• **TASK PROMPT**
The reply should hold only the lines below beginning at the one with "Набор из 5 монет: 1, 5, 10, 50" and ending at the one with "Слайд 18Выпишите цифру, обозначающую", copied exactly, with every picture left out.

++++++++++++++++++++

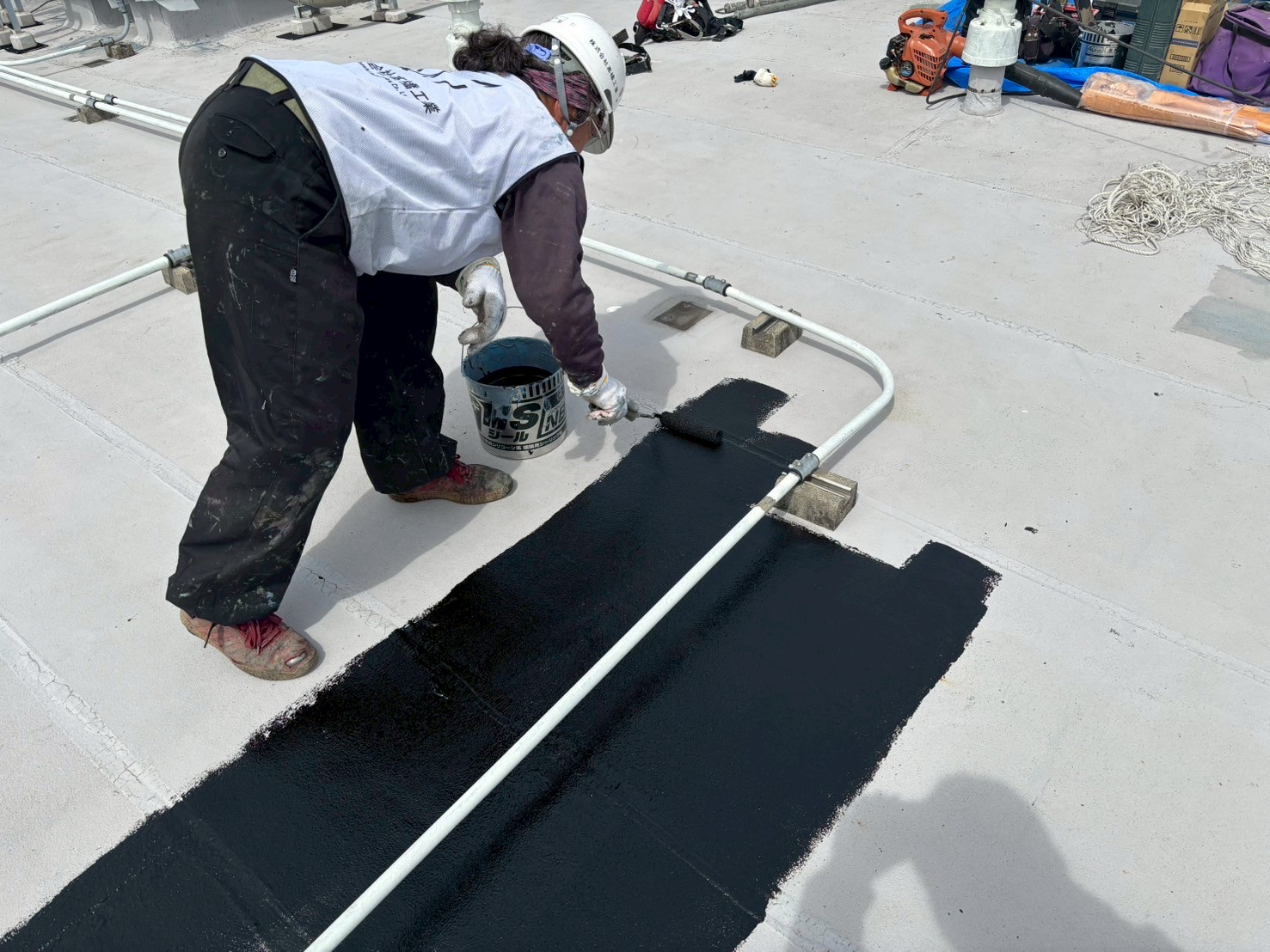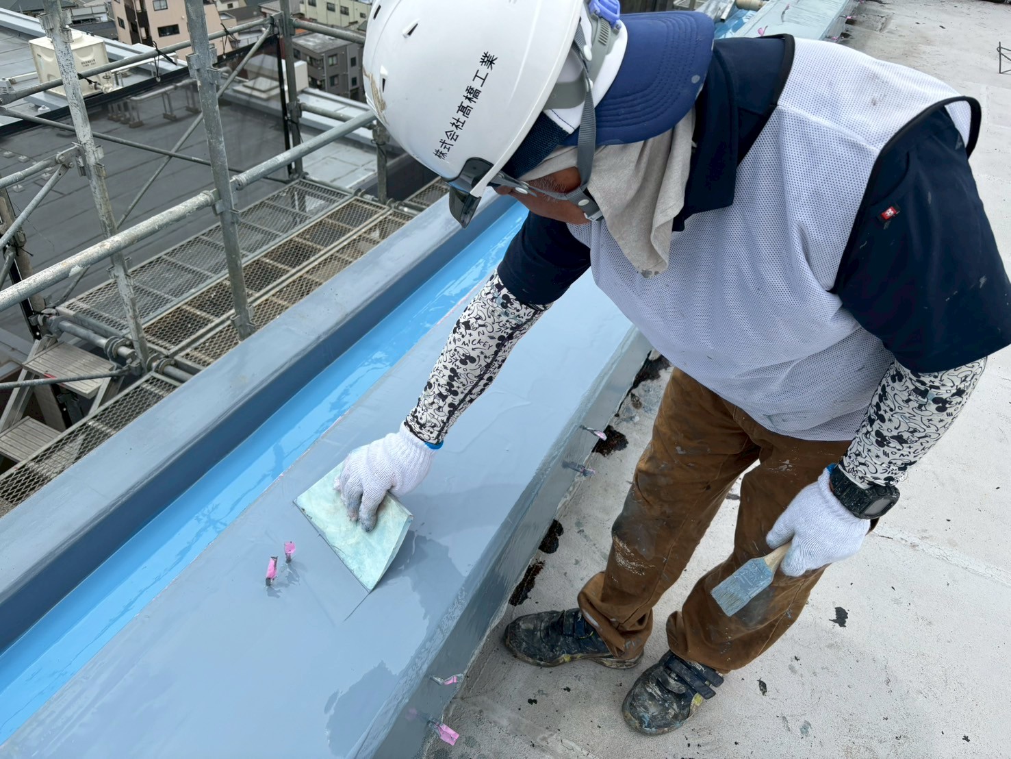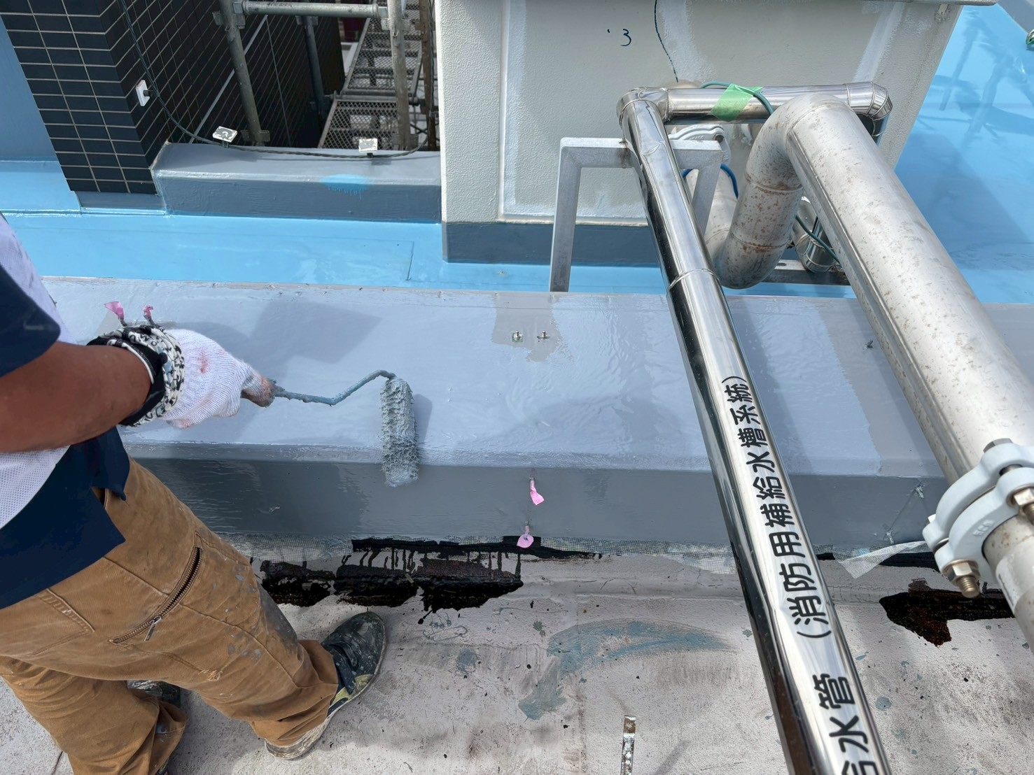 A棟屋上のパラペットのウレタン2層目、B棟屋上の下地調整をおこないました。
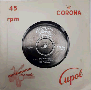 | A legendary American vocals group, formed in 1952 in Los Angeles, Californbia, one of the most successful vocal groups of the early rock and roll era. "Twilight Time" has been recorded by numerous groups over the years. However, the best-known version of the song was recorded by The Platters, ans became a No. 1 hit on both the pop singles and R&B best sellers lists in 1958 in the United States. Finnish issue of Mercury 71289X45 (USA, 1958), almost identical to the Swedish issue but five times rarer!
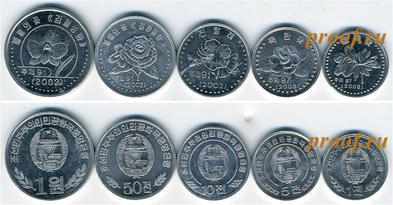Набор из 5 монет: 1, 5, 10, 50 чон и 1 вон. Р-2858
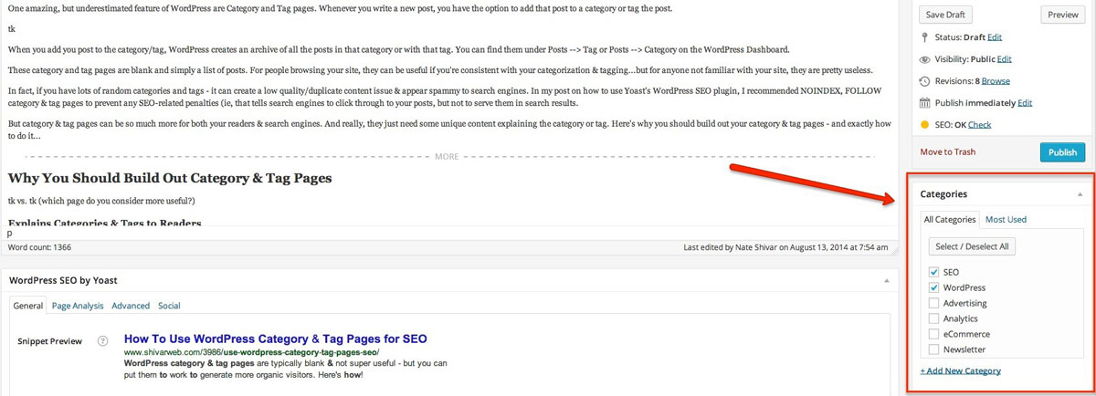 قبل نشر أي محتوى لموقعك ، قم بإنشاء الهيكل التنظيمي أولاً. هذا يلغي متطلبات اتجاهات الصفحة عند تغيير العلامات والفئات الفرعية والفئات الموجودة. إذا كان البحث عن الكلمات الرئيسية الخاصة بك جيدًا ، فيمكنك استخدام الفئات والعلامات لضمان رؤية محسنة لمشاركاتك. يجب ألا تستخدم أكثر من خمس إلى 10 فئات لموقعك وإلا فسيصبح معقدًا للغاية.
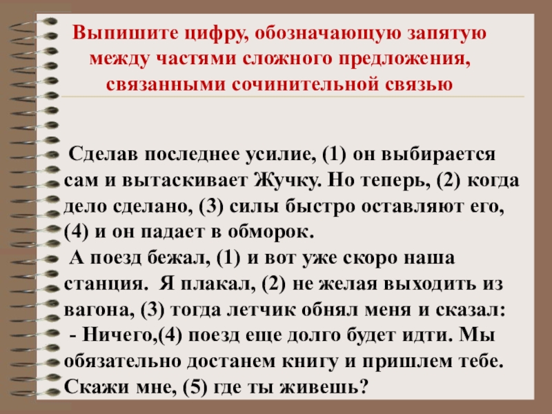 Слайд 18Выпишите цифру, обозначающую запятую между частями сложного предложения, связанными сочинительной связью
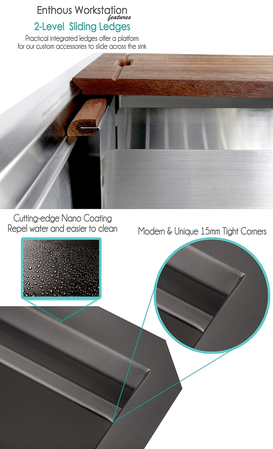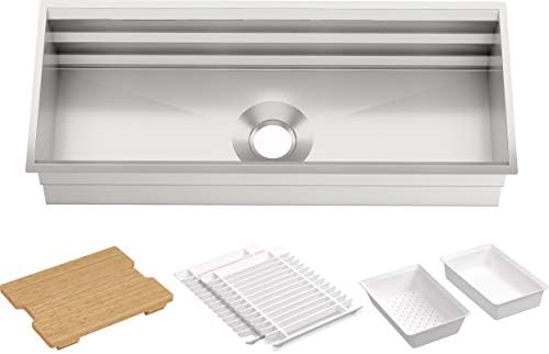 Get 5% in rewards with club o! Cutsom kitchen accessories fit both the upper and lower ledge, giving you a dual tear workstation pictured is a 33 inch workstation, undermount sink from create good sinks. 484.7 out of 5 stars. The overall dimensions are 45 x 19 1/8 x 10 and a 48″ or custom cabinet size is required for installation. The signature series workstation kitchen sink option.

++++++++++++++++++++

• **TASK SOLUTION**
Набор из 5 монет: 1, 5, 10, 50 чон и 1 вон. Р-2858
 قبل نشر أي محتوى لموقعك ، قم بإنشاء الهيكل التنظيمي أولاً. هذا يلغي متطلبات اتجاهات الصفحة عند تغيير العلامات والفئات الفرعية والفئات الموجودة. إذا كان البحث عن الكلمات الرئيسية الخاصة بك جيدًا ، فيمكنك استخدام الفئات والعلامات لضمان رؤية محسنة لمشاركاتك. يجب ألا تستخدم أكثر من خمس إلى 10 فئات لموقعك وإلا فسيصبح معقدًا للغاية.
 Слайд 18Выпишите цифру, обозначающую запятую между частями сложного предложения, связанными сочинительной связью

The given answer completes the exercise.